** Source information follows **
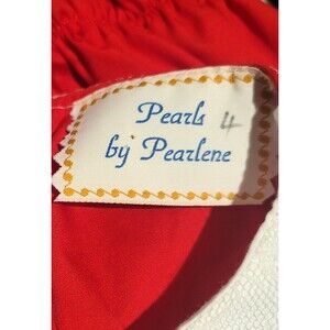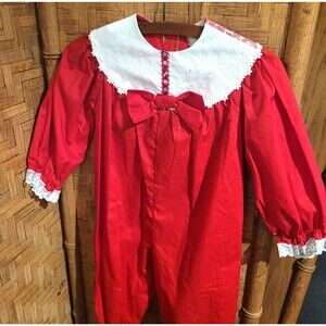 Adorable vintage romper handmade by Pearlene for Pearls for Pearlene. The romper closes zips up the back, has elastic puff sleeve cuffs. Appears to not have been worn. The bow is attached with a removable pin so you can leave on or remove if you wish. The lace overlay collar has a sweet tiny pearl sewn on as a trademark of the seamstress. There is a bottom Christmas bell sewn onto the leg cuff. So cute and adorable! Listed as a size 4, cut go by measurements to ensure fit. Meant to be a roomy fit.
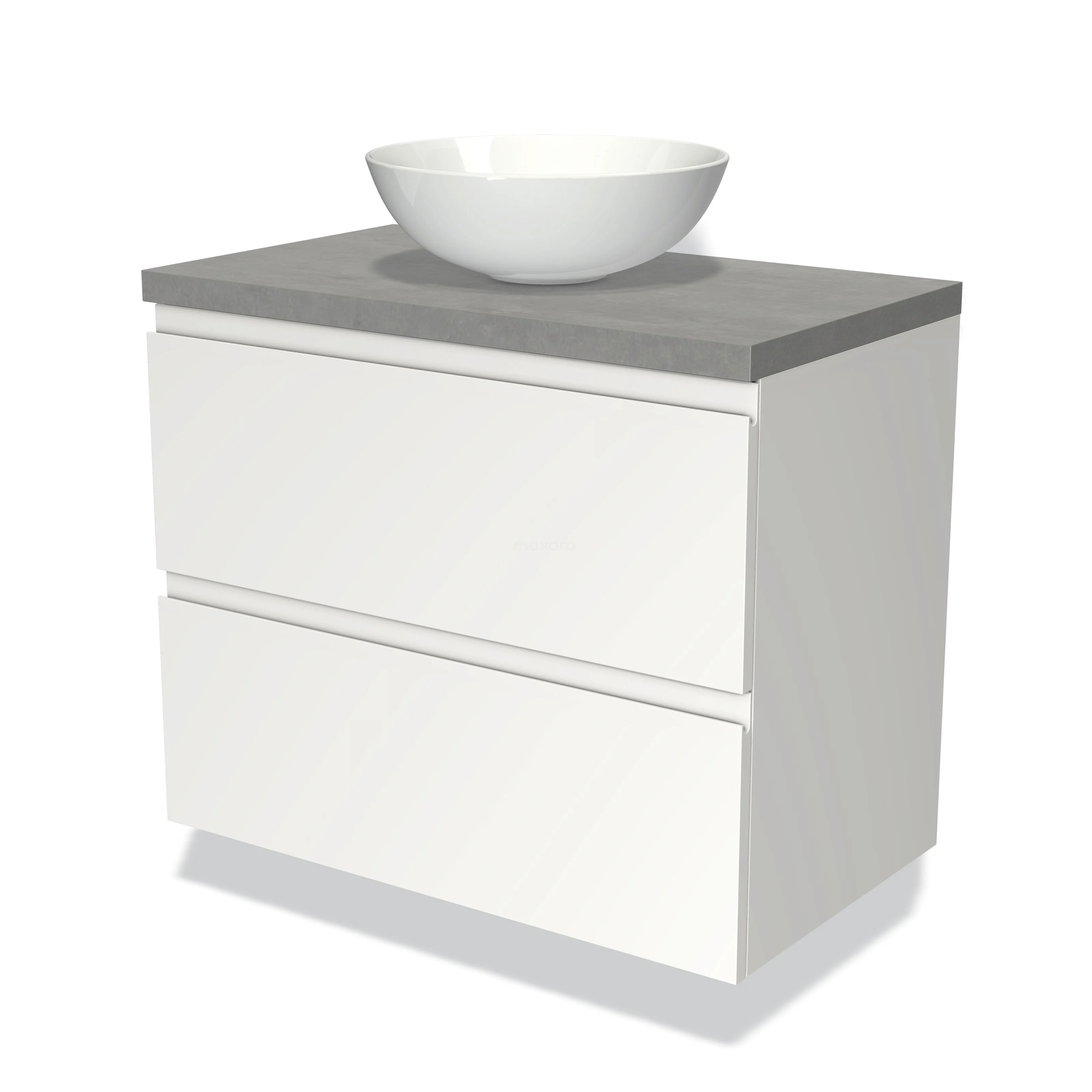 Modulo Plato Badmöbel mit Aufsatzwaschbecken | 80 cm Matt Weiß Grifflos front Hellgrauer Beton blatt 2 übereinanderliegende Schubladen
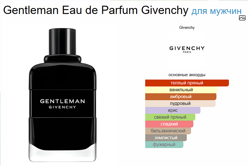 Gentleman Eau De Parfum – элитная парфюмерная вода с пряно-восточным ароматом для мужчин, выпущенная в 2018 году знаменитым модным домом Givenchy из Франции. Невероятно стильный современный аромат Gentleman Eau De Parfum – новое прочтение выдающегося, уникального мужского парфюма Givenchy Gentleman 1974 года выпуска, считающегося классикой роскошных ароматов бренда.
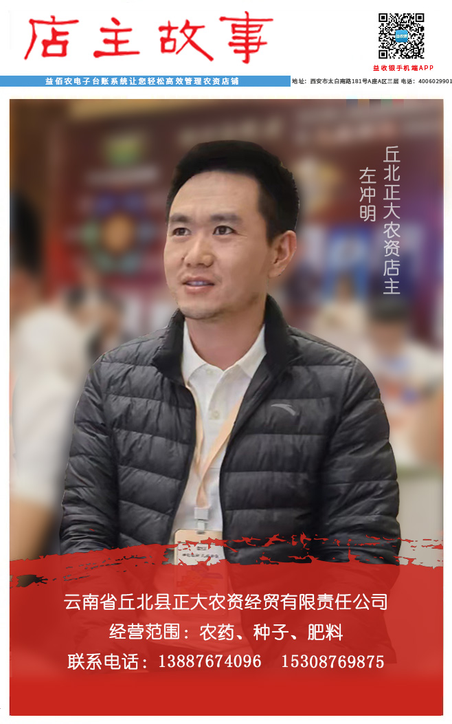 今天的故事主角左冲明,正是上述正大农资经贸有限责任公司店主,来自美丽云南丘北县,一位意气风发的年轻农资人,2013年正式开店,经营农资近9年。
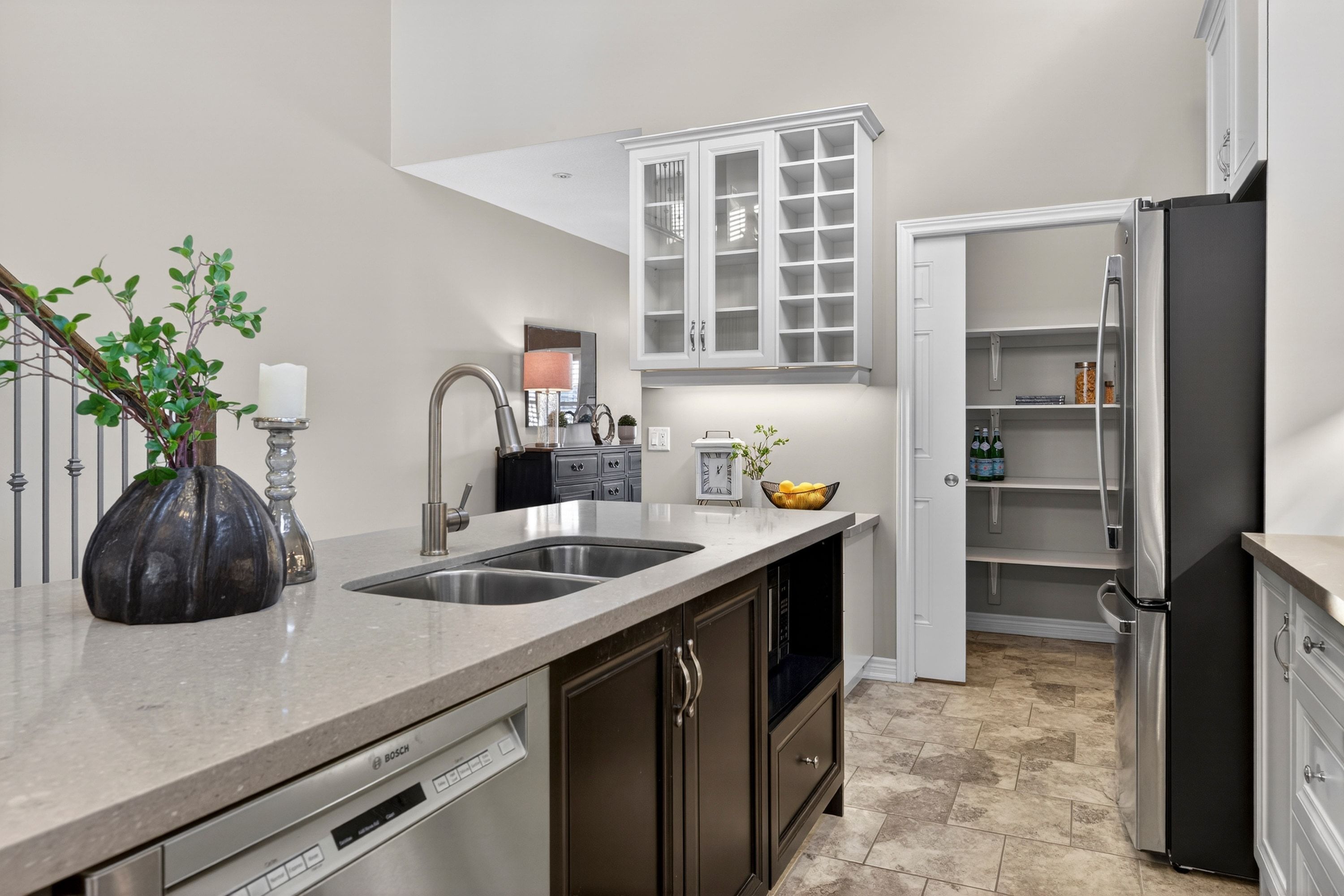 • Custom chef's kitchen with quartz countertops and walk-in pantry.
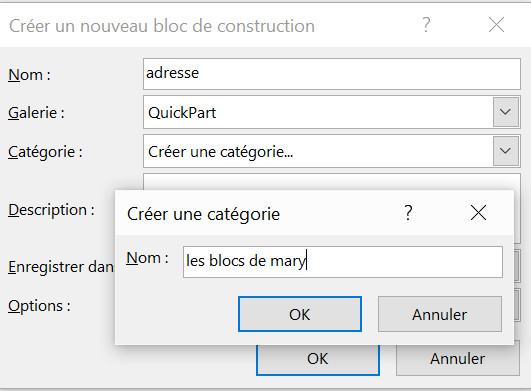 Dans la boîte de dialogue Créer un nouveau bloc de construction, vous choisirez, entre autres :
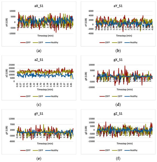 Figure 9 shows the vibration graphs for a flight set that contain readings for acceleration and gyro in the x-, y-, and z-directions. We used the GY-521 sensor for measuring vibration data, and read these values in the Arduino IDE software. The independent variable is timestep in minutes, and the dependent variables are the six measured parameters with units in least significant bit (LSB). Each graph compares the vibration data for different propeller fault configurations—healthy (blue), 1SFP (yellow), and 2SFP (red). Note that we only show the vibration graphs for flight set S1, as all other flight sets (S2 to S5) show similar trends.
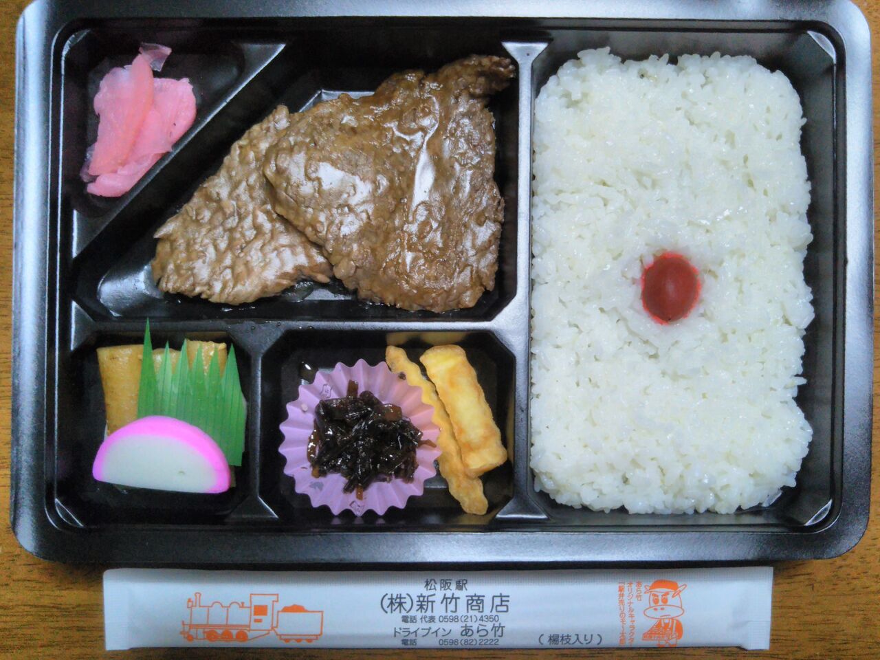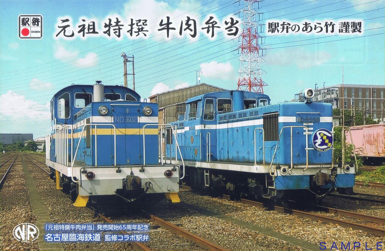「元祖特撰牛肉弁当」発売開始65周年記念企画第3弾として2024年催行の名鉄観光のツアー参加者向け弁当として登場した名古屋臨海鉄道とのコラボ駅弁で本来は松阪駅弁。これは同社の東港駅弁になると思います。写真左は掛紙でND602号車と甲種輸送ヘッドマーク付きのND5528号車。写真右は中身です。第1弾は近畿日本鉄道、第2弾は名古屋鉄道とのコラボでしたが、珍しい貨物専業の鉄道事業者とのコラボ。旅客営業を行わない事業者のグッズなどあまり無いので、この様な企画は有難いものです。
** End of Source information **
Assigned task ->
An exact copy of the records above is needed, free of pictures.

Solution for this task ->
 Adorable vintage romper handmade by Pearlene for Pearls for Pearlene. The romper closes zips up the back, has elastic puff sleeve cuffs. Appears to not have been worn. The bow is attached with a removable pin so you can leave on or remove if you wish. The lace overlay collar has a sweet tiny pearl sewn on as a trademark of the seamstress. There is a bottom Christmas bell sewn onto the leg cuff. So cute and adorable! Listed as a size 4, cut go by measurements to ensure fit. Meant to be a roomy fit.
 Modulo Plato Badmöbel mit Aufsatzwaschbecken | 80 cm Matt Weiß Grifflos front Hellgrauer Beton blatt 2 übereinanderliegende Schubladen
 Gentleman Eau De Parfum – элитная парфюмерная вода с пряно-восточным ароматом для мужчин, выпущенная в 2018 году знаменитым модным домом Givenchy из Франции. Невероятно стильный современный аромат Gentleman Eau De Parfum – новое прочтение выдающегося, уникального мужского парфюма Givenchy Gentleman 1974 года выпуска, считающегося классикой роскошных ароматов бренда.
 今天的故事主角左冲明,正是上述正大农资经贸有限责任公司店主,来自美丽云南丘北县,一位意气风发的年轻农资人,2013年正式开店,经营农资近9年。
 • Custom chef's kitchen with quartz countertops and walk-in pantry.
 Dans la boîte de dialogue Créer un nouveau bloc de construction, vous choisirez, entre autres :
 Figure 9 shows the vibration graphs for a flight set that contain readings for acceleration and gyro in the x-, y-, and z-directions. We used the GY-521 sensor for measuring vibration data, and read these values in the Arduino IDE software. The independent variable is timestep in minutes, and the dependent variables are the six measured parameters with units in least significant bit (LSB). Each graph compares the vibration data for different propeller fault configurations—healthy (blue), 1SFP (yellow), and 2SFP (red). Note that we only show the vibration graphs for flight set S1, as all other flight sets (S2 to S5) show similar trends.
「元祖特撰牛肉弁当」発売開始65周年記念企画第3弾として2024年催行の名鉄観光のツアー参加者向け弁当として登場した名古屋臨海鉄道とのコラボ駅弁で本来は松阪駅弁。これは同社の東港駅弁になると思います。写真左は掛紙でND602号車と甲種輸送ヘッドマーク付きのND5528号車。写真右は中身です。第1弾は近畿日本鉄道、第2弾は名古屋鉄道とのコラボでしたが、珍しい貨物専業の鉄道事業者とのコラボ。旅客営業を行わない事業者のグッズなどあまり無いので、この様な企画は有難いものです。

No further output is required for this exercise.